The paper presents a novel framework, AdamD, that decouples weight decay from moment estimation, ensuring convergence for nonsmooth neural network optimization.
It establishes convergence guarantees under non-diminishing learning rates, with numerical evidence from image classification and language modeling tasks.
Experimental results on CIFAR-10/100 and Penn Treebank illustrate AdamD's competitive generalization performance compared to AdamW and other Adam-family methods.

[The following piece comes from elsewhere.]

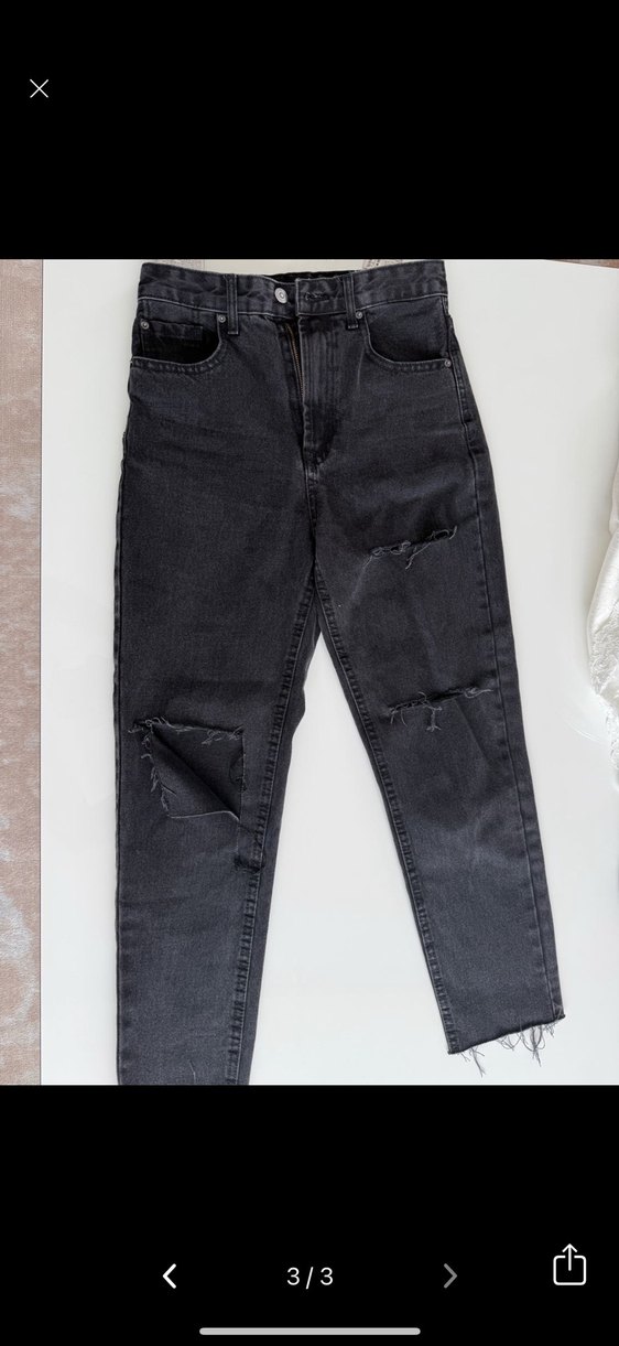 Gri renkte, yırtık detaylı ve kemer tokalı, normal boy ve rahat kesim kadın denim pantolon.

"Adam-family Methods with Decoupled Weight Decay in Deep Learning" (2310.08858)

Overview

The paper presents an analysis and expansion of decoupled weight decay in Adam-family optimization methods, particularly focusing on nonsmooth nonconvex optimization problems commonly encountered when training neural networks with weight regularization.

Proposed Framework

The authors propose the Adam-family Methods with Decoupled Weight Decay (AFMDW) framework, inspired by AdamW, with a decoupling mechanism in weight decay. This allows first-order and second-order moment estimators to be updated independently from the weight decay term, aiming to offer convergence guarantees for nonsmooth neural networks. The framework targets problems characterized by the equation:

$\min_{x \in \mathbb{R}} g(x) := f(x) + \frac{\sigma}{2} \|x\|^2$

where $f$ is locally Lipschitz continuous and possibly nonsmooth, $\sigma > 0$ is a penalty parameter enforcing weight decay.

Convergence Properties

The paper establishes convergence properties under mild assumptions and with non-diminishing learning rates. Specifically, the proposed framework converges to a stationary point, defined in the sense of conservative fields, while asymptotically approximating the behavior of SGD. The results show:

Convergence: Any cluster point is a $D_g$ -stationary point, where $D_g$ is a conservative field.
Efficiency: Asymptotically aligns with SGD, suggesting potential improvements in generalization.

Figure 1: ResNet34 on CIFAR10 dataset. Stepsize is reduced to 0.1 times of the original value at the 150th epoch.

Adam with Decoupled Weight Decay (AdamD)

The paper introduces AdamD, a variant of the Adam method that adheres to the AFMDW framework, and provides:

Convergence Guarantees: Under conditions commonly observed in real-world applications.
Generalization Performance: Demonstrated through numerical experiments.

Numerical Experiments

Experiments on CIFAR-10, CIFAR-100, and Penn Treebank datasets using models like ResNet34, DenseNet121, and LSTMs demonstrate that:

AdamD outperforms Adam and performs comparably to AdamW in image classification tasks.
In language modeling, AdamD excels compared to AdamW, highlighting versatility across domains.

Figure 2: ResNet34 on CIFAR100 dataset. Stepsize is reduced to 0.1 times of the original value at the 150th epoch.

Discussion

Decoupled Regularization: The decoupling of weight decay is equivalent to employing quadratic regularization directly, addressing theoretical gaps observed in AdamW's interpretative paradigms.
Practical Implications: Convergence analysis provides theoretical affirmation for practical observations of decoupled weight's efficacy in generalization.

Figure 3: $\|\sigma x_k + m_k\|$ under different decay.

Conclusion

The study explores the theoretical underpinnings of the Adam-family methods enhanced with decoupled weight decay, offering a robust framework fortified with convergence guarantees. AdamD emerges as a promising optimizer that balances convergence speed and generalization—a pivotal contribution towards deep learning optimization strategies.

By design, the paper roots its assertions in both numerical evidence and theoretical rigor, reinforcing the applicability of decoupled weight decay as a crucial improvement in adaptive gradient methods.